Sabtu, 10 April 2021, April 10, 2021 WIB
Last Updated 2021-04-10T01:16:57Z
bansos covid 19DPRD Kab TolitoliSulawesi Tengah

Miris! Warga Miskin di kabupaten Tolitoli Ini Tak Tersentuh Bantuan apapun dari Pemerintah


Foto : Wakil Ketua I DPRD Kabupaten Tolitoli Jemmy Yusuf berbincang dengan bapak Kundung salah seorang warga kelurahan Nalu yang tak pernah mendapat Perhatian Pemerintah.



JOURNALTELEGRAF - Jemmy Yusuf salah seorang politisi senior partai Golkar yang saat juga sebagai Wakil ketua I DPRD Kabupaten Tolitoli kian giat melaksanakan kunjungan ke warga masyarakat untuk melihat langsung keadaan hidup sosial,ekonomi,budaya,dan pendidikan.


Di isukan akan bertarung di Pilkada tahun 2025 nanti, Jemmy belum memberi jawaban pasti terkait hal itu, melainkan kata dia " saat ini terus menjalankan tanggung jawab dan tugas yang di amanatkan oleh rakyat sebagai anggota DPRD sebagai ikhtiar,"


Dalam kunjungannya hari ini, Sabtu (10/04/2021). Wakil ketua I DPRD itu tidak lagi menyusuri pedesaan melainkan berfokus di daerah perkotaan tepatnya di kelurahan Nalu, Kecamatan Baolan, Kabupaten Tolitoli.


" Bantuan sosial dilakukan besar-besaran oleh pemerintah di tengah pandemi Virus Corona atau Covid-19, namun sayang bantuan itu tak sampai ke bapak Kundung yang termasuk warga miskin," kata Jemmy kepada awak media Journaltelegraf.com




lebih lanjut di ungkapkan, bahwa bapak Kundung ini adalah salah satu contoh kecil yang tinggal di kawasan perkotaan Tolitoli yang tak tersentuh bantuan pemerintah.


" Bantuan Sosial (bansos)  kurang mampu pascapandemi Covid-19 ternyata belum disalurkan secara merata. Masih banyak warga miskin yang tidak terdata dan mendapat bantuan," ungkapnya.


Wakil ketua I DPRD itu menjelaskan, selama ini tinggal rumah panggung/kayu yang tidak layak huni dan hampir roboh dan tinggal bersama dengan anaknya yang memiliki gangguan kejiwaan.

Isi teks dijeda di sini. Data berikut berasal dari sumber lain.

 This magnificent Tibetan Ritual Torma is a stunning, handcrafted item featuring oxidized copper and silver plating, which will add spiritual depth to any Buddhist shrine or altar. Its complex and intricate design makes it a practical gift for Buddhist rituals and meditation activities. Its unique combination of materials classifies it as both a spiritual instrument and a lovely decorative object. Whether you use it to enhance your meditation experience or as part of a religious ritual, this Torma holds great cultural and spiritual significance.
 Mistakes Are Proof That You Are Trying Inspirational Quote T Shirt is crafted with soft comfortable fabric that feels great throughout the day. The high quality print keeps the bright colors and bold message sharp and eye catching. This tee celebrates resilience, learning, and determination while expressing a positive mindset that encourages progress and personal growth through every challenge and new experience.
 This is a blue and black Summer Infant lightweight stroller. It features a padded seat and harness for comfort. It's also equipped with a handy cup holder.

" Selama ini tidak pernah mendapat perhatian dari pemerintah dari segi bantuan apapun,Bahkan tempat tinggalnya beresiko roboh, akibat bahan kayu yang sudah lapuk di makan usia"  tutur jemmy


Lebih jauh menurutnya, seharusnya dengan kondisi tempat tinggal yang tidak memungkinkan ini, instansi terkait bisa mencanangkan program bedah rumah.

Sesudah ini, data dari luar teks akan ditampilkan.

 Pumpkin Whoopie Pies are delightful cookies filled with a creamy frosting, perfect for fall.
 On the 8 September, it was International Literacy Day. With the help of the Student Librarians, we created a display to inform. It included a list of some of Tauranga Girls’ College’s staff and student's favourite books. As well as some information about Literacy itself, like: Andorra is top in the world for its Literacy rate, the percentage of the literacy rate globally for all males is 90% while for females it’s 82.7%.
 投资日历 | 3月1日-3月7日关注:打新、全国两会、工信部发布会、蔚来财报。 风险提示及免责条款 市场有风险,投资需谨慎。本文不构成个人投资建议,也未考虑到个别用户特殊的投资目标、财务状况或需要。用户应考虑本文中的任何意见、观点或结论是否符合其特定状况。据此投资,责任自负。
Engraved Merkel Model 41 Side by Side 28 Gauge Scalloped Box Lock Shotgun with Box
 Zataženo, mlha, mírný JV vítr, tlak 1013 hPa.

" Peran pemerintah sangat penting untuk hal-hal yang beresiko bagi masyarakatnya, seharusnya ada tempat tinggal yang layak bagi mereka yang tidak mampu. melalui program bedah rumah yang sudah di canangkan," jelasnya.

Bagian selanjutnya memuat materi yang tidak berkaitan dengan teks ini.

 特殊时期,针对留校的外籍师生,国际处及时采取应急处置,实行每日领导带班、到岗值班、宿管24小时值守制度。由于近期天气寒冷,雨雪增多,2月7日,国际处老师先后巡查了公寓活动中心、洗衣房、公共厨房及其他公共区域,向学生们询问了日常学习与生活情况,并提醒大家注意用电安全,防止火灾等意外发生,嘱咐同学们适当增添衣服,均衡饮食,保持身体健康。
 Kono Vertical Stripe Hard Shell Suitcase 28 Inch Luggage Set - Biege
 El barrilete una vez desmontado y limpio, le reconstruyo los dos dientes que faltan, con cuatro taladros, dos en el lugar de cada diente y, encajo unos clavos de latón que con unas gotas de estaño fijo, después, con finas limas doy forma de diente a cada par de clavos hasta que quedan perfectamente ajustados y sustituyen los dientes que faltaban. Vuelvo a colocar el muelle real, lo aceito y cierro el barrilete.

Menurut dia, hal ini adalah tanggung jawab bersama pemerintah untuk memberikan fasilitas yang layak bagi masyarakat.


"Seharunya program bedah rumah dapat berjalan dengan semestinya dan laksanakan tanggungjawab OPD teknis masing-masing," terangnya.



Saat dikunjungi, Pria di sambangi itu mengaku belum pernah mendapat bantuan apapun dari pemerintah baik Program Keluarga harapan (PKH), Bantuan pangan non tunai (BPNT), Bantuan Sosial Tunai (BST), Program untuk Lansia, Program bedah rumah serta program orang dalam gangguan jiwa (ODGJ) bagi anaknya yang mengalami gangguan kejiwaan.


"Kalau dari pemerintah itu belum pernah dapat," kata kundung.


Lebih jelasnya kata dia tak sekalipun ada Pemerintah yang datang kerumahnya untuk melihat situasi dan kondisinya.


" Belum ada pemerintah datang kerumah saya," tutupnya.